Fritz Bergmann, Plauen, Vogtl., Fabrik deutscher Gardinen
Der Inhaber dieser Firma vertauschte zu Ende des Jahres 1868 seine hannoversche Heimat mit dem ihm, von seinen Geschäftsreisen her bereits lieb gewordenen Sachsenland und speziell Plauen, indem er mit Hermann Wagner unter der Firma Wagner & Bergmann daselbst ein Fabrikgeschäft weißbaumwollener Waren gründete, welches sich zwar in den ersten Jahren gut entwickelte, dann aber nicht mehr recht reüssierte, weshalb die Firma im April 1883 aufgelöst wurde.
Erst als vom 1. Mai 1883 ab das Geschäft unter der Firma Fritz Bergmann, als ein Spezial-Gardinen-Fabrikations-Geschäft eingerichtet und betrieben wurde und der Inhaber die glückliche Idee hatte, gewebte Tüllgardinen creme und farbig bemalen und besticken zu lassen und so einen ganz neuen Artikel herzustellen, den vorher niemand in Deutschland fabriziert hatte, erst von da ab wurden die Erzeugnisse der Firma bekannt und so begehrt, daß die Fabrikation von Jahr zu Jahr vergrößert werden mußte und im laufenden Jahre durch Gründung einer Filiale in Untersachsenberg an der sächsisch-böhmischen Grenze noch eine wesentliche Ausdehnung erhielt.
Der bedeutende Erfolg, den die Firma in so verhältnismäßig kurzer Zeit auf allen Märkten der Erde und zwar hauptsächlich französischen und schweizer Erzeugnissen gegenüber errang, beruht in der Hauptsache auf Herstellung geschmackvoller Muster und schöner Farbenzusammenstellung.

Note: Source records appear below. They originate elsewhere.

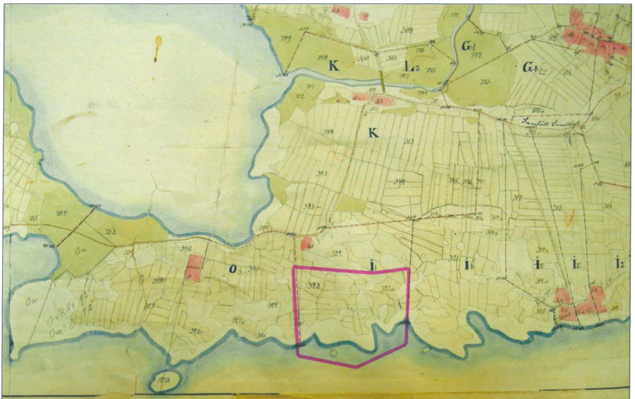
Ote aluetta kuvaavasta isojaon toimituskartasta vuodelta 1831 (H43 7/2). Päälle piirretty tutkimusalue. Sen länsipuolella Lumialan rustholli ja itäpuolella Hakkalan kylä.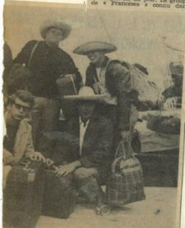
de la joie en débarquant à Las Palmas ; ce groupe de sourient. A nous 16 jours de vraies vacances.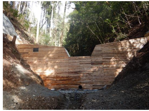
土石流発生を防止する治山ダムの整備（河内長野市岩瀬）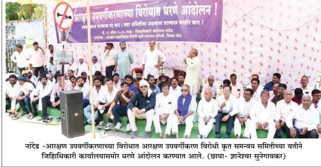
नांदेड -आरक्षण उपवर्गीकरणाच्या विरोधात आरक्षण उपवर्गीकरण विरोधी कृत समन्वय समितीच्या वतीने जिहाधिकारी कार्यालयासमोर धरणे आंदोलन करण्यात आले.

जल्मा कार्यालय - पहिला माला जनता मार्केट शिवाजीनगर नांदेड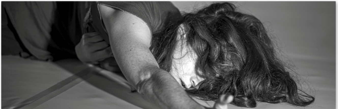
Little Sorrows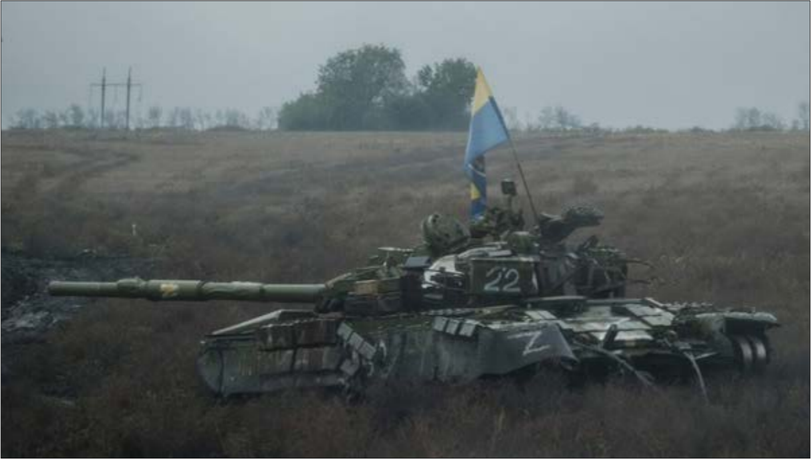
جاءت الضربة بعد ساعات على توجيه روسيا الأتباع رسمياً إلى أوكرانيا بالوقوف خلف تفجير جسر القرم

تغيير العملية العسكرية الخاصة أو إعلان حالة الحرب في بعض مناطق روسيا». وأشار إلى أن الرئيس الروسي قد يلتقي نظيره دميتري ميدفيديف، أن الضربات الصاروخية ليست إلا «الحلقة الأولى، وستكون هناك حلقات أخرى»، مشيراً، في تعليق عبر قناته مع إردوغان مقترح إجراء روسيا حواراً مع أربع دول غربية في تركيا. يأتي ذلك بعدما جرى تداول معلومات عن مقترح قُدّمته أنقرة إلى واشنطن، لإجراء مفاوضات بين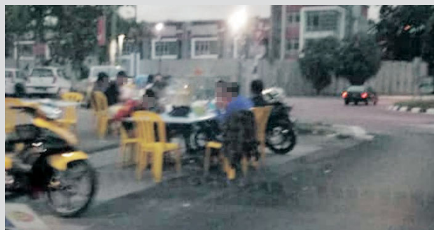
Menjamu selera di tepi jalan tidak menjamin keselamatan pelanggan restoran berkenaan.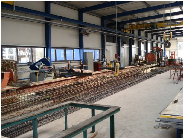
Armatures pour les âmes de la dalle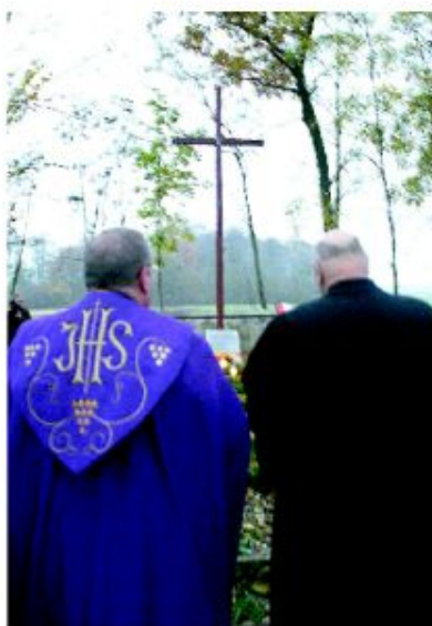
Ekumenicznie w Brudzewie

Modlitwa ekumeniczna, Modlimy się by być jedno w Kościele Jezusa Chrystusa. Uczymy się wspólnie miłości i tolerancji, uczymy się poznawać siebie, spotykać z ludźmi, rozmawiać i uczymy się wspólnego przebywania. Nasza obecność w tym dniu, to świadectwo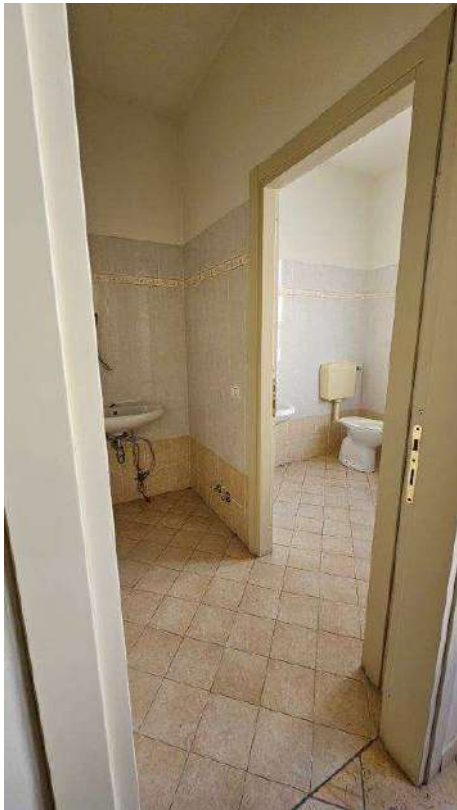
Bagno lato strada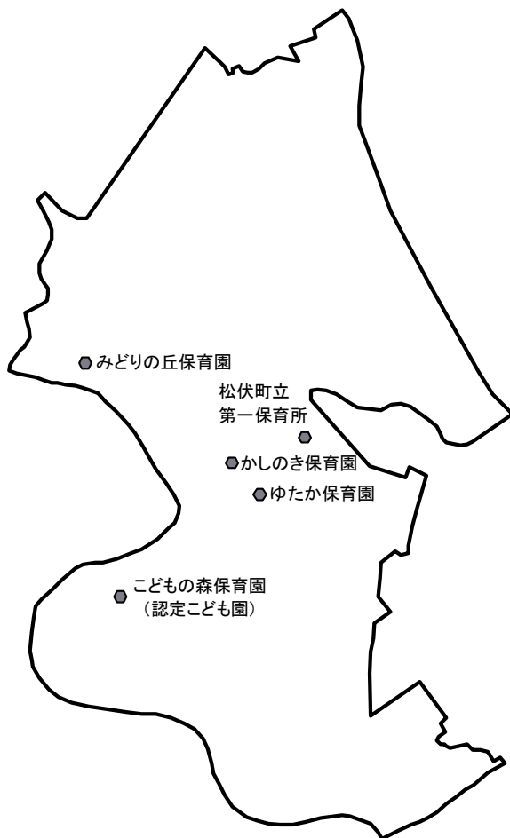
町内の保育所（園）の位置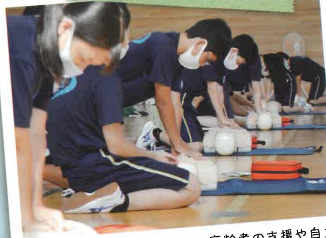
けがや急病などの応急手当、高齢者の支援や自立に役立つ介護技術などを普及しています。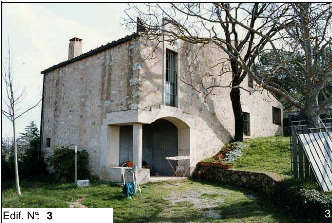
Edif. N° 3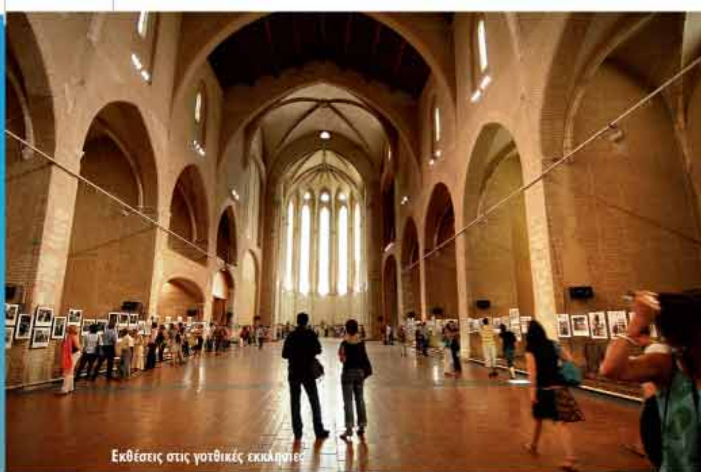
Εκθέσεις στις γοθικές εκκλησίες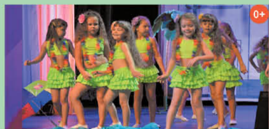
с участием вокальных и хореографических коллективов и солистов от 4 до 15 лет. Цена билета: 150 руб. Большой зал. Начало в 11.00

ДК им. И.И. Лепсе Гала-концерт VII конкурса детского творчества «Созвездие-2016»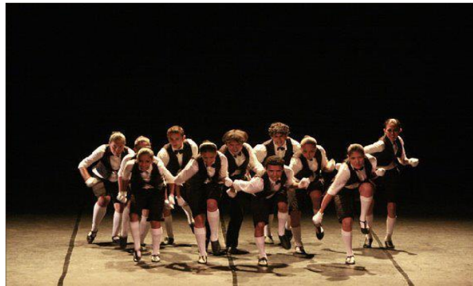
FIGURA 6: Em Concerto- Teatro da Paz.

Gosto de “Em Concerto”, pelo trabalho corporal associado com movimentos de uma orquestra, e assim como na maioria das coreografias, a exploração da música ser coerente com as movimentações. (Suanne Baena, entrevista cedida a pesquisadora, 2012.)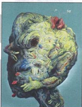
The Hinterland , 2006 - ©Brown, Glenn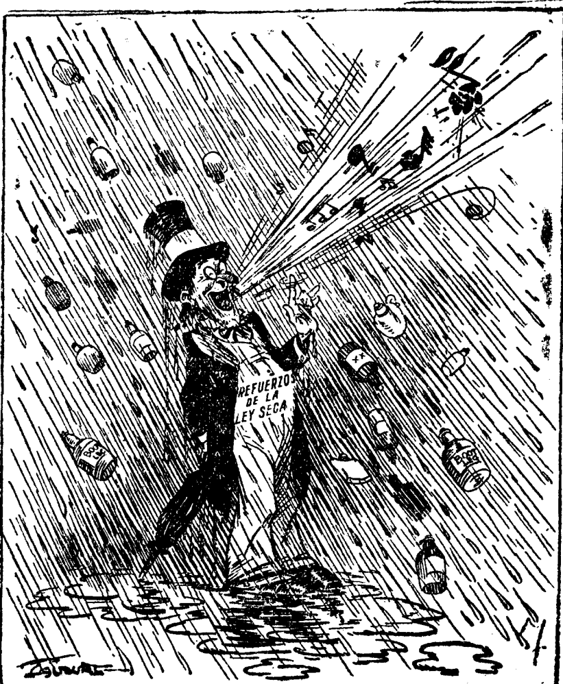
CUANTO MAS CANTA, MAS LUEVE ("New York Telegram.")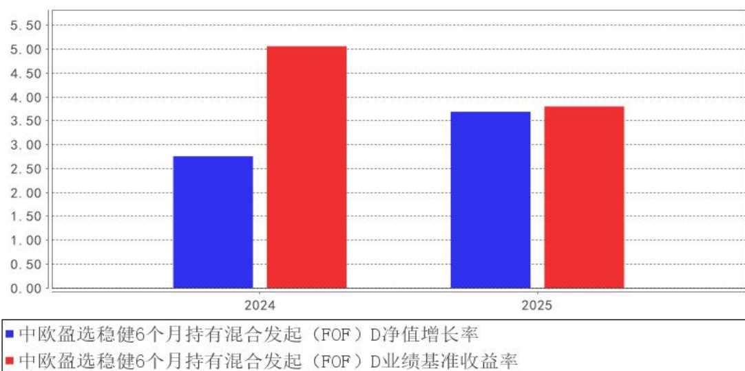
中欧盈选稳健6个月持有混合发起（FOF）D基金每年净值增长率与同期业绩比较基准收益率的对比图

注：2024年3月28日本基金新增D份额，2024年度数据为2024年4月2日至2024年12月31日数据。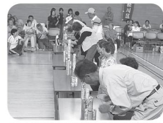
はつらつレクリエーション交流会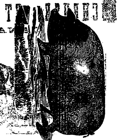
CHESTER WHITE HOG.

Des SOUSSIONS seront reçues jusqu'à MERCREDI , quinzième jour de JULIEN prochain, au Presbytère de la Paroisse de St. Damase, pour la construction d'un Presbytère et répara- tions à l'Eglise. Pour les conditions, Plans et Description s'ad- dresser au soussigné. Les syndics ne s'obligent pas à accepter la plus basse ou aucune des soumissions. N. GAUTHIER, P re Curé St. Damase, 19 mai 1870. — 3f 250.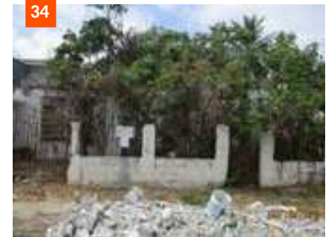
34 Fajardo Casa 3H / 1B Estancias del Mar, E-15 Calle 24 Orquidea CATASTRO: 178-039-618-15-000 714 P/C 18.299296, -65.636767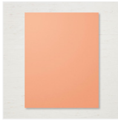
Grapefruit Grove 8-1/2" X 11" Cardstock - 146972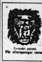
Sveakt patent. För eftertagning varnas.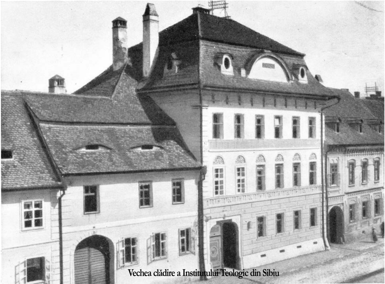
Vechea clădire a Institutului Teologic din Sibiu

mai mare, cu cât, ajunși în cadrul României întregite, vedem Biserica noastră încâtușată într-o măsură mai mare decât toate celelalte confesiuni minoritare”. În al doilea rând, afirma Lupaș, în constituția din 1923 “lipsește cu desăvârșire ... cuvântul de autonomie sau autodeterminare sau autolegislățiune bisericească”, deoarece Vintilă Brătianu “a declarat în mod hotărât că este în contra introducerii acestui cuvânt în textul Constituțiunii. Astfel a rămas cuvântul eliminat” 120 .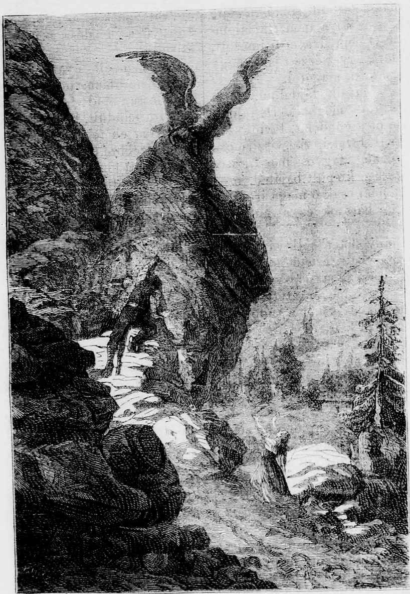
A gyermekrabló sas.

mint egy türelmes anya kedvence beteg-ágyánál. Minden ember ismerte a gyászos alakot, s nem egy szem nézett rá szánalommal, midőn oly csendesen ült ott s a sirra és a fűzfára nézett, vagy gyöngéd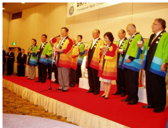
開所記念レセプションでの挨拶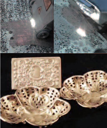
Schonende und kontrollierbare Laserreinigung von Metallen, z.B. Bronze oder Silber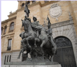
2. Monumento a los Héroes de Alcántara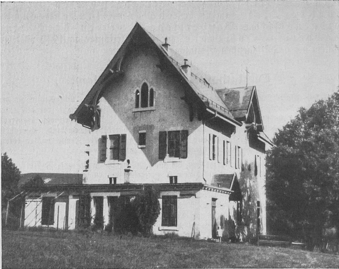
Pfarrgemeindehaus von La Plaine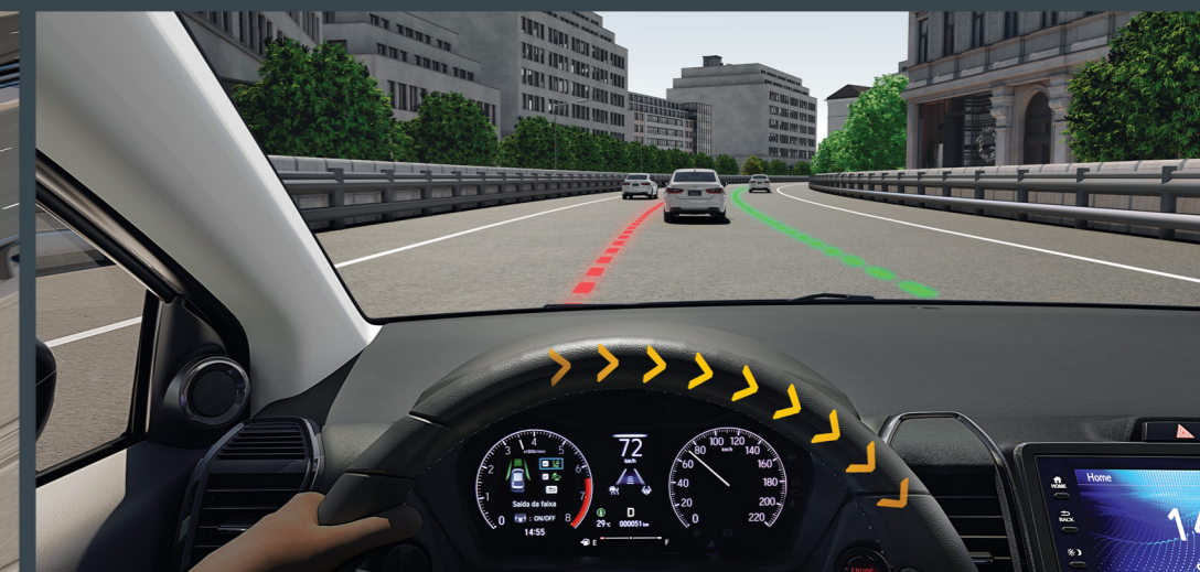
LKAS™ Sistema de permanência de faixa 2

Sistema que auxilia o motorista a manter uma distância segura em relação ao veículo à sua frente. Ideal para o dia a dia na cidade, com função para acompanhamento em baixa velocidade.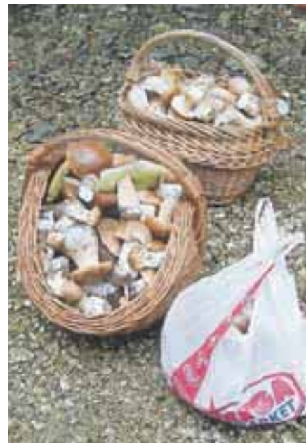
Odlična gobarska sezona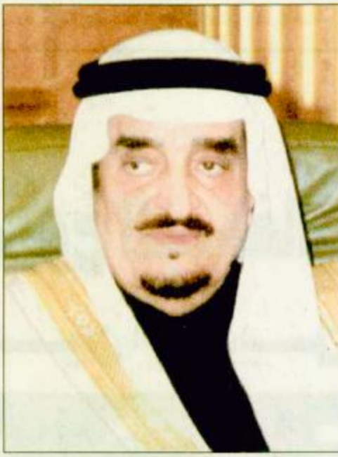
○ خادم الحرمين الشريفين

○ جدة - واس: بعث خادم الحرمين الشريفين الملك فهد بن عبدالعزيز آل سعود برفيقة تهنئة إلى فخامة الرئيس ليونيد كوتشما ورئيس جمهورية أوكرانيا بمناسبة ذكرى اليوم الوطني لبلادها. وقد أعرب الملك المفدى باسمه وباسم شعب وحكومة المملكة العربية السعودية عن أطيب التهاني مقرونة بتعظيمات الشعب والسعادة لفخامة الرئيس كوتشما والتقدم المطرد لشعب أوكرانيا الصديق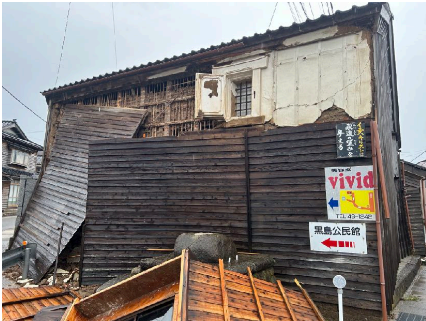
< ⑰ >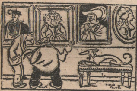
EN EL MUSEO —La verdad es que nuestros antepasados eran unos guasones. ¡Mira tú que tratarse todos en trajes de Carnaval! (Journal, París.)

ración de muchos concurrentes á las famosas corridas valencianas.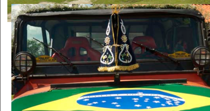
Acima parte dos jipes que fazem parte da Romaria Nacional. Ao lado, Jeep com imagem de Nossa Senhora Aparecida, que é o primeiro dos 150 veículos que participam do ato de fé e aventura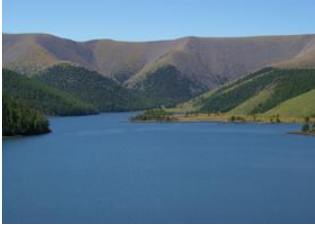
Böörgiin Oroï 📍 30km - ⌚ 5h Naiman nuur 📍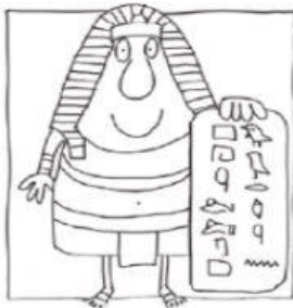
El antiguo Egipto

Marca el tema que te produce más curiosidad y explica abajo por qué.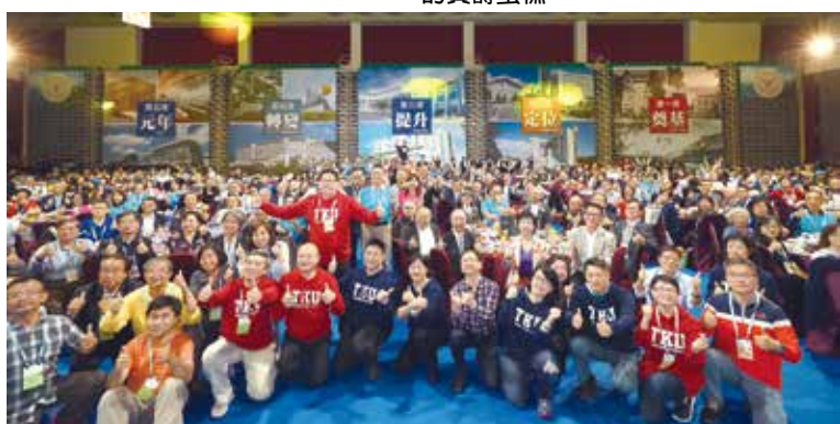
■2018世界校友雙年會晚宴合影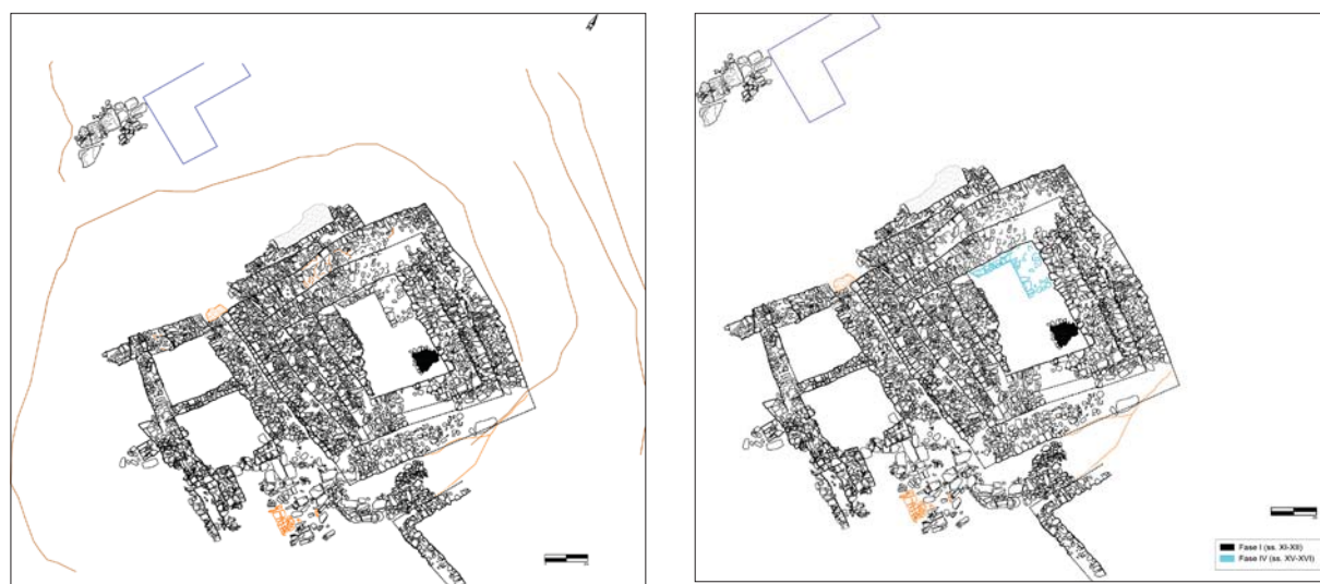
Figura 4. Planta general i planta cronològica de la torre del Puig de Sant Pere. Cristina Belmonte i Roser Arcos. iPAT Serveis Culturals.

el qual, i aprofitant-ne algunes restes es bastí l'actualment visible, datat entre els segles XI-XII. En el cas de la torre, s'han de definir i confirmar les característiques de l'estructura circular esmentada, i les datacions per C14 dels inhumats. Caldrà també esgotar l'estratigrafia en ambdós edificis i excavar-ne els interiors per poder completar la informació i confirmar aquests supòsits, sobretot en el cas dels murs de l'església i de la possible estructura circular a la torre.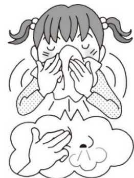
はな かたほう お 鼻をかむときは片方ずつ押さえる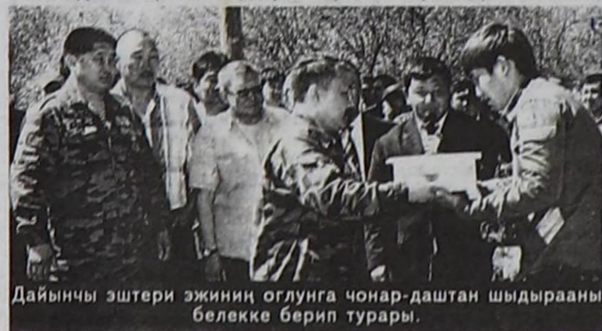
Дайынчы эштери эжиниң огулунга чонар-даштан шыдырааны белекке берип турары.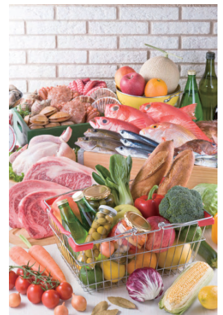
充足的食物，令香港人的壽命愈來愈長

In dieser Beziehung ist die allgewaltige Mode, die erst in dem letzten Jahrzehnt für Gardinen überhaupt Farben zuläßt, dem Geschäftsgange der Firma sehr förderlich gewesen.
Die Firma bringt mit Vorliebe fortlaufend neue Artikel in Gardinen, Stores, Vitrages und Decken in farbiger Ausführung in den Handel, wovon die Musterzeichnungen im eigenen Atelier von künstlerisch gebildeten Zeichnern entworfen werden, und repräsentieren die Erzeugnisse mit das Beste und Schönste, was in diesen Artikeln überhaupt fabriziert wird.
Der Absatz der Fabrikate wird, was Europa betrifft, durch Reisende, die die Firma aussendet, vermittelt; außerdem unterhält die Firma 38 Vertreter, von denen alle kultivierten Länder der Erde bereist werden.
Die bei der Herstellung der verschiedenen Artikel nötigen Arbeiten setzen sich zusammen aus Handarbeiten, die in den um Plauen liegenden Dörfern ausgeführt werden, ferner aus Arbeiten, [Ξ] die in eigenen großen geschlossenen Räumen mittels der Kurbelstick- oder Tambourier-Maschinen ausgeführt werden. In ersterer Weise beschäftigt die Firma ca. 200 und in letzterer Weise ca. 300, größtenteils weibliche Arbeiter.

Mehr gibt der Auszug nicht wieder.